Abstract
In our continuing search for natural product-based spin-labeled antitumor drugs, 20 novel spin-labeled camptothecin derivatives were synthesized via a Cu-catalyzed one pot reaction and evaluated for cytotoxicity against four human tumor cell lines (A-549, MDA-MB-231, KB, and KBvin). Eighteen of the target compounds (9a, 9b, 9d–9k, 9m–9t) exhibited significant in vitro antiproliferative activity against these four tested tumor cell lines. Compounds 9e and 9j (IC50 0.057 and 0.072 μM, respectively) displayed the greatest cytotoxicity against the multidrug-resistant (MDR) KBvin cell line and merit further development into preclinical and clinical drug candidates for treating cancer including MDR phenotype.
Keywords: Camptothecin, C-20 position, cytotoxic activity, spin-labeled
1. Introduction
Camptothecin (CPT, 1, Figure 1), a pentacyclic alkaloid isolated from Camptotheca acuminata by Wall et al., showed excellent antitumor activity against a broad spectrum of tumor cell lines by inhibiting topoisomerase I (Topo I).1–5 Two semisynthetic derivatives, topotecan (2) and irinotecan (3), are widely used clinically for treating ovarian and small-cell lung cancers, respectively. Several other drug candidates, such as gimatecan (4), CKD-602 (5), and BNP-1350 (6), are the subject of ongoing preclinical or clinical evaluation. 6–9
Figure 1.
Structures of camptothecin (1), topotecan (2), irinotecan (3), gimatecan (4), CKD-602 (5), and BNP-1350 (6).
Although CPT analogues remain a promising class of antitumor agents, their therapeutic use has been severely hindered by toxicity issues and delivery problems, due to poor water solubility, as well as intrinsic instability of the highly electrophilic α-hydroxylactone of the E ring, due to preferential binding of the opened carboxylate to serum albumin.10,11 This chemical feature diminished efficacy of various CPT derivatives in vivo compared to the spectacular results often obtained from in vitro studies and xenograft models. Thus, several promising strategies to overcome this challenge have been developed. These approaches include the development of prodrugs (conjugates and polymer bound CPTs), new formulations (liposomes or microparticulate carriers), and synthetic lipophilic CPTs.12–14 Most of these strategies aimed to maintain the active closed-lactone form in the plasma compartment, and encouraging results have been obtained. Additionally, extensive structure-activity relationship (SAR) investigations have suggested that the intact lactone ring E of CPT is the most critical structural feature with respect to antitumor activity. A free 20-hydroxy group favors lactone ring-opening due to formation of intra-molecular hydrogen bonding, while acylation of this group should render the lactone moiety more stable toward ring opening.15,16 Many studies have been focused on highly efficient semisynthetic methodologies paving the way for development of new potent C-20-modified CPT analogues. Indeed, our own results,17,18,19 as well as those of others with 20(S)-O-acyl esters,20,21 20(S)-O-carbonate linked tripeptide conjugates,22 and 20(S)-O-linked glycoconjugates,23 have supported the importance of esterified CPT derivatives for potent cytotoxic and antitumor activity. Esterification of the 20-hydroxyl group also enhances plasma stability compared with unmodified CPT, as well as augments in vivo superior antitumor activity without notable toxicities in liver, lung, kidney, and spleen.19
Furthermore, novel nitroxide-derived spin-labeling of antitumor drugs is a promising direction in anticancer chemotherapy, not only because these compounds exhibit superior cytotoxic activity, but also because they can be monitored by electron paramagnetic resonance (EPR) in pharmacological experiments. Based on current knowledge, the introduction of a stable nitroxyl radical into pharmaceutical molecules can reduce toxicity and potentiate antitumor effects to a certain degree.
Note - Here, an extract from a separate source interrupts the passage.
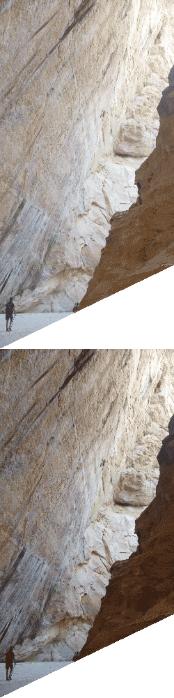 Ensuite c’est un terrain assez monotone pendant une heure ou deux. ![]() ![]() ![]() ![]() En milieu de matinée, le relief s’accentue progressivement avant que nous rejoignons un premier cañon. Descente facile pour cette première fois, puis franchissement de rivière, c’est de nouveau la Manampanda. ![]() ![]() Nous avons alors de nouveau enfilé les chaussures d’eau, et ce pour plusieurs heures. En commençant par une double traversée de la Manampanda que nous devions ensuite définitivement quitter. ![]() Nous avons ensuite entamé la remontée d’un cañon de plus en plus étroit. Progression dans l’eau, et à contre-courant comme cela a pratiquement été toujours le cas au cours de ce trek. Je pense qu’il s’agit d’un choix délibéré des organisateurs même si les explications du guide à ce sujet sont restées confuses (peut-être en lien avec la possible — quoique rare — présence de crocodiles dévalant le courant ?) ![]() Parfois le cañon s’élargit pour laisser place à la forêt primaire. Des passages qui offrent, régulièrement, l’occasion d’apercevoir furtivement des lémuriens à travers les branches. Le guide et les pisteurs qui ont l’œil nous les signalent systématiquement, on peut donc en voir fréquemment, même quand on ne progresse pas en tête du groupe. Par contre pour la photo c’est un peu au petit bonheur la chance. Voici mon premier essai en la matière (j’ai recadré la photo bien que ce ne soit pas très net ; la photo originelle au 250 mm est également présentée). Pour rappel, les lémuriens sont des primates endémiques de l’île de Madagascar. ![]() C’est dans cette zone boisée que nous avons ensuite pique-niqué. Un pique-nique de luxe auquel nous ne nous attendions pas dans un endroit aussi isolé. Car l’un des porteurs nous avait accompagnés pour toute la journée, transportant jusqu’à ce lieu non seulement une abondante salade de pâtes, mais aussi de l’eau potable. (Nous disposions pourtant de pastilles rendant possible le ravitaillement dans l’eau de la rivière). Nous aurons un porteur pour la plupart des pique-niques du voyage (tandis que les autres porteurs qui transportent nos bagages suivent le plus souvent un itinéraire plus facile voire plus court). Suite de la progression dans le cañon dont l’eau se raréfie progressivement, rendant à un moment possible (et même nécessaire) le changement de chaussures. Et pour terminer un petit passage d’escalade que je n’ai pas franchement goûté (sachant qu’il y aura bien pire au cours du voyage). ![]() ![]() Une fois atteint le plateau, nous avons encore marché pendant une heure et demie sous une magnifique lumière déjà crépusculaire (on rappelle que juillet à Madagascar c’est l’hiver). ![]() ![]() ![]() ![]() De spectaculaires cañon étaient visibles à l’horizon ; mais nous ne nous en sommes pas approchés, cette zone n’étant paraît-il pas praticable. ![]() Descente finalement un peu abrupte vers une large vallée : j’ai noté que c’était le seul passage alentour rendant possible le franchissement de la falaise. Le camp était situé sur le sable dans un endroit magnifique ; la (relative) grasse matinée à laquelle nous aurions droit le lendemain nous permettrait d’en profiter un petit peu. ![]() La journée du lendemain a été plus courte et plus facile. On commence par quelques photos du site extraordinaire dans lequel nous avions passé la nuit. ![]() Nous avons alors entamé la remontée d’une étroite gorge que j’ai beaucoup aimée, c’était assurément l’une des plus belles de tout ce voyage. ![]() ![]() Cette gorge, un peu plus large à sa base que plus en hauteur, présentait un profil caractéristique de trou de serrure inversé. Je ne sais quelle peut être l’explication géologique. La couleur orangée de la roche donnait en outre au lieu un éclairage absolument unique. ![]() (À un moment nos pisteurs ont détecté une trace de crocodile. Le saurien aurait quitté une vasque d’eau située dans un cañon latéral, pour remonter la rivière et s’établir dans une autre vasque située en amont. De l’animal proprement dit nous ne verrons rien.)
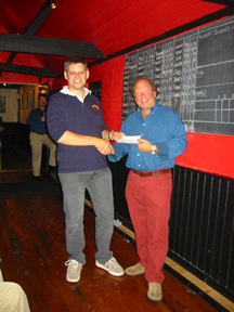 Allen of The Barnstormers presenting a cheque for £6,200 to Bruce Reed from

Some studies have shown that the introduction of a nitroxyl moiety can lead to fast decomposition, higher alkylating and lower carbamoylating activity, better anti-melanomic activity, lower general toxicity, and the ability to transport molecules through cell membranes, while the nitroxyl free radicals themselves possess low toxicity and are not mutagenic or carcinogenic.24–28 In our prior studies, we successfully prepared a number of spin-labeled derivatives of known antitumor agents, such as podophyllotoxin,29–36 CPT,37 rotenone,38 glycyrrhetinic acid,39 and combretastatin,40 resulting in compounds with superior pharmacological properties compared to those of the parent compounds. Inspired by this prior work, we herein report the design, synthesis, and in vitro cytotoxicity of a series of novel 20-modified spin-labeled CPT derivatives as part of our continuing search for promising natural product-derived anticancer agents.
2. Results and discussion
2.1. Chemistry
The synthetic routes to target compounds are outlined in Scheme 1. Briefly, the 20-hydroxyl of CPT was esterified with various N-Boc-amino acid derivatives (7) in suitable yields by a simple modification of the carbodiimide method using a combination of N,N′-diisopropylcarbodiimide (DIPC) and 4-dimethylaminopyridine (DMAP). Removal of the N-Boc group of 7 with trifluoroacetic acid (TFA) in CH2Cl2 (1:1) formed the key intermediate TFA salts 8. Subsequently, these key precursors were successfully combined with sulfonylazides and alkynes in a Cu-catalyzed three-component reaction41 to afford the target compounds 9a–t in 59–75% yields. All newly synthesized compounds were purified by column chromatography and their structures were characterized by ESI-MS, EPR, IR, and elemental analysis.
Scheme 1.
Synthesis of target compounds 9a–9t.
2.2. Cytotoxicity
Target compounds 9a–t were evaluated against a panel of human tumor cell lines, including A-549 (lung carcinoma), MDA-MB-231 (triple-negative breast cancer), KB (nasopharyngeal carcinoma), and KBvin (vincristine resistant KB subline), using a sulforhodamine B colorimetric (SRB) assay with triplicate experiments. Topotecan (2) was used as a positive control and the antiproliferative activities of compounds are shown in Table 1. Except for compounds 9c and 9l, all target compounds exhibited significant in vitro antiproliferative activity against the four tested tumor cell lines, with IC50 values ranging from 0.055 to 0.84 μM, and were as or more potent than 2. Remarkably, all of the compounds were more potent than 2 (IC50, 0.40 μM) against the multidrug-resistant KBvin cell line, with 9e (IC50, 0.057 μM) and 9j (IC50, 0.072 μM) showing the greatest cytotoxicity against this cell line. Thus, spin-labeling of CPT at the C-20-hydroxyl position might overcome the MDR phenotype. As commonly found with prodrugs, esterification of the C-20-hydroxyl of CPT with different sulfonylamidine side chains led to somewhat decreased cytotoxic activity against A549, DU-145, and KB tumor cell lines in comparison to 2.19 This result is in agreement with our prior observations with C-20-substituted CPT derivatives as potent prodrugs.37 The IC50 values also revealed that the A-549 cell line was more sensitive than the other three cell lines to these compounds, which is consistent with the clinical behavior of other CPT derivatives.20
Table 1.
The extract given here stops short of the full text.